タイトルの「Breath of an Architect」にあるように、全体のコンセプトは作品の息遣いに耳を澄ませて欲しいというもの。そこでまずは自分の呼吸に意識を向けるよう、「静寂」であることも意図されている。そしてフィジカルな体験はやがてエモーショナルな体験に導かれる。建築的なものから家具、彫刻まで、石、木、土、竹、糸などの天然素材を使い、ムンバイのスタジオで制作された作品で構成。国、文化、宗教、人種、また過去と現在、外と中などの境界を感じさせない、独特の世界観が展開されている。
「“静寂”にも音があります。それは私たちの内部に響く音であり、それは生きるもの全てが共有する音でもあります。五感を研ぎ澄ませ、完成品だけでなく、それぞれの素材、その作品が作られたプロセス、そこに費やされた時間、手仕事の動きなどを感じ取って欲しいと思いました。

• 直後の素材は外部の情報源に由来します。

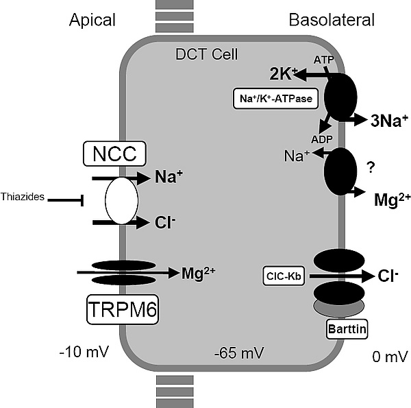 Обработка натрия, хлора, магния, кальция и калия в почках зависит от слаженной работы канальцевых транспортёров. Дистальные извитые канальцы играют ключевую роль в этом процессе. Нарушения функции этих каналов приводит к различным электролитным нарушениям.

今回の会場はフランスですが、この場所だからではなく、これまでに人類が創り上げてきた“文明”を思い、さらに何ができるかを考えました。違いを示すことではなく、人類共通の文明との繋がりにフォーカスしました。肌の色も人種も地理も関係ありません。全て、火、水、空気、土、光、で作られています」(ビジョイ・ジェイン)
●時間をかけた仕事によって表現されるもの。
展示のなかで、唯一、地元の素材を使ったサイトスペシフィックな作品が、1階の右側の床を占める「ウォーター・ドローイング」だ。会場から40分ほどのところで採取したチョーク(白亜)をベースに、赤い線は糸に顔料をつけたものを打って描かれている。墨糸で建材に印をつける日本の伝統工法と同様の手法だ。この「ウォーター・ドローイング」は、ヒンズー寺院に古来からある沐浴などに使われる貯水池をイメージしたもので、「水」が表現されている。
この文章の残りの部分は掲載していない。